Bijvoorbeeld, in de beginfase is een aanbetaling gedaan (het eerste deel van de investering) voor deelname aan de aanbesteding (ongeveer 1% van de orderwaarde). De aanbesteding werd gewonnen, maar de resultaten werden met enige vertraging goedgekeurd. De uitvoering van het investeringsproject en de belangrijkste aankopen (investeringen) vielen niet eens op de tweede - derde, maar op de vierde en vijfde stap. Dan zal de terugverdientijd, als we beginnen te tellen vanaf de eerste investering, in dit geval toenemen met meerdere stappen (jaren) van gedwongen wachten vanaf de eerste investering tot hun grootste deel.

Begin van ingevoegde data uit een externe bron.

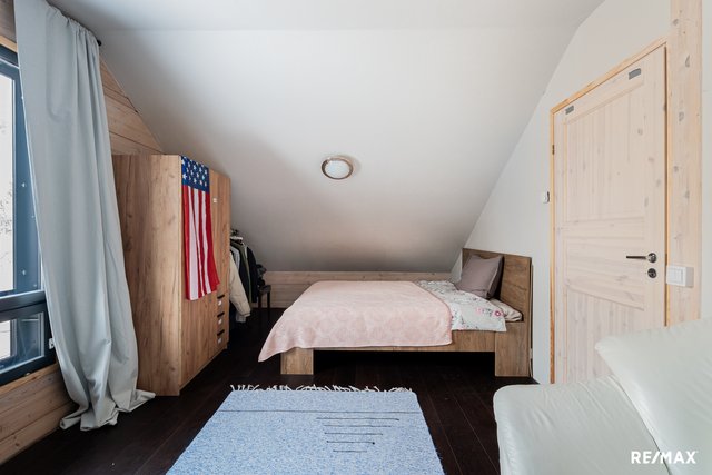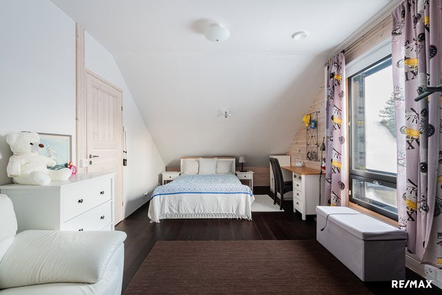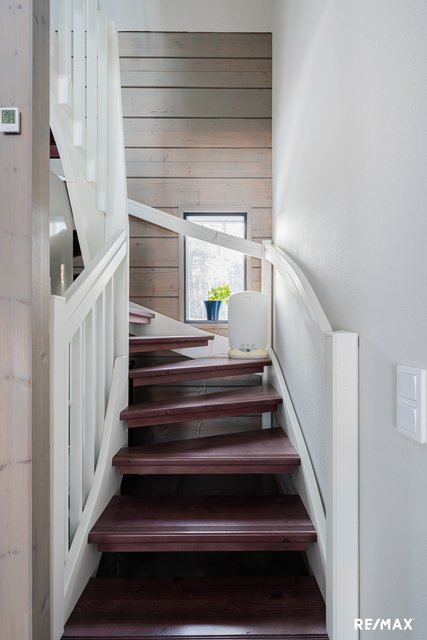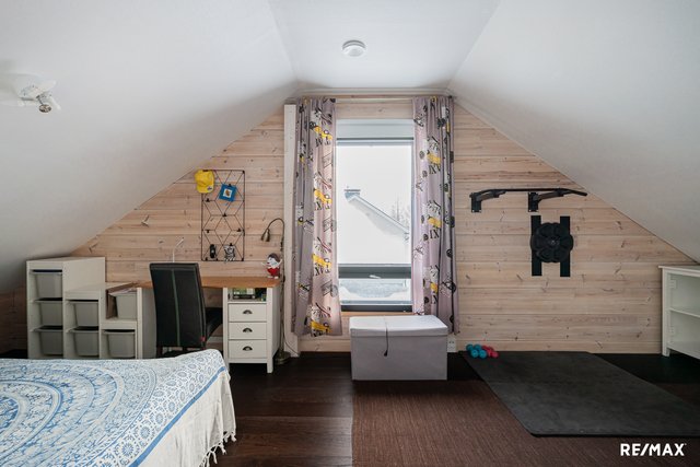 - Kolme makuuhuonetta, joista alakerrassa yksi ja yläkerrassa kaksi makuuhuonetta. Alakerran makuuhuoneessa lattiassa laatta, yläkerrassa parkettilattia.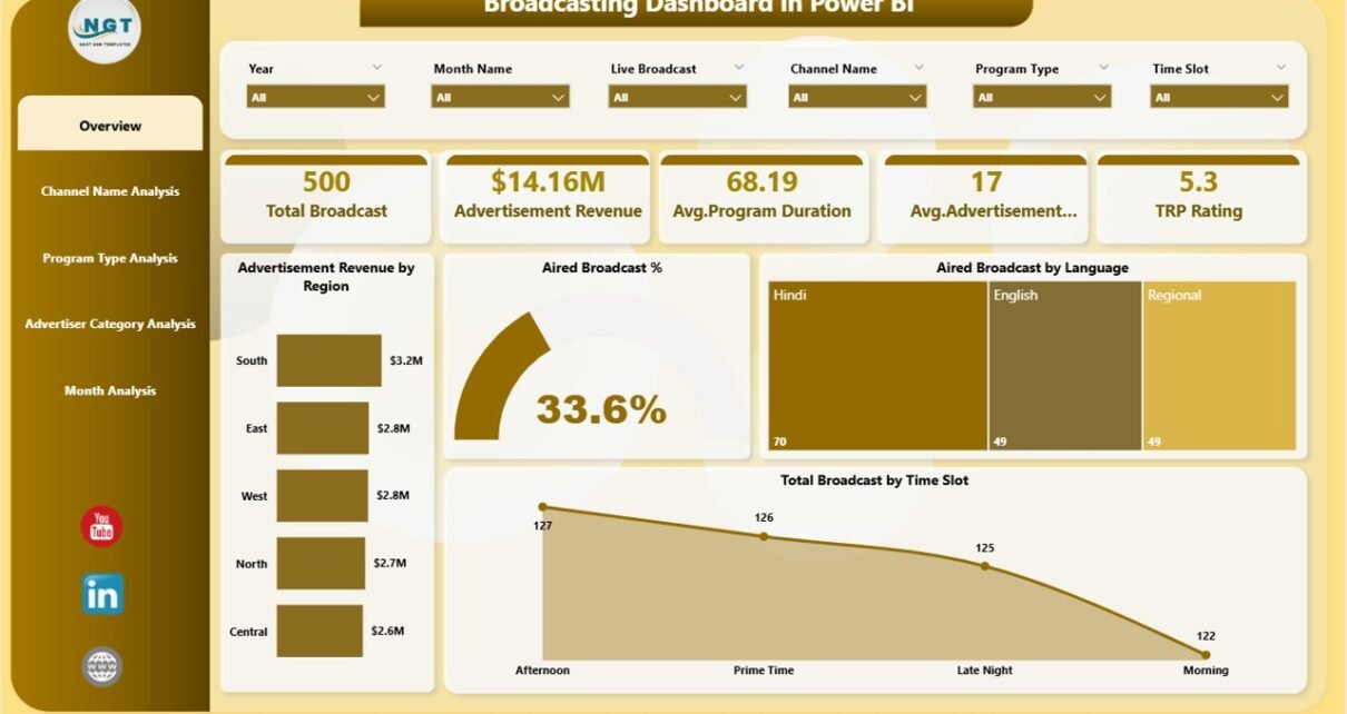The Broadcasting Dashboard in Power BI includes five powerful analytical pages, each designed to answer specific business questions.

Om de verdisconteerde CO te berekenen, moeten twee aannames worden gedaan. Ten eerste verwijzen de investeringen van elke stap naar het midden (gereduceerd tot het midden). De tweede is dat het resulterende effect (NPV) gelijkmatig wordt verdeeld binnen de RP-stap waarbij de waarde van de verhoogde NPV van teken verandert van "-" naar "+".

Deze aannames zijn in tegenspraak met de oorspronkelijke aanname in de NPV-berekening dat verdiscontering alle berekende waarden aan het einde van de stap brengt en de nauwkeurigheid van de SD-berekening enigszins zal beïnvloeden. Bij het berekenen van de onverdisconteerde CO zijn deze aannames het meest acceptabel. Over het algemeen is het in alle gevallen raadzaam om halverwege de stap te verdisconteren, in dit geval is de kleinste fout gegarandeerd.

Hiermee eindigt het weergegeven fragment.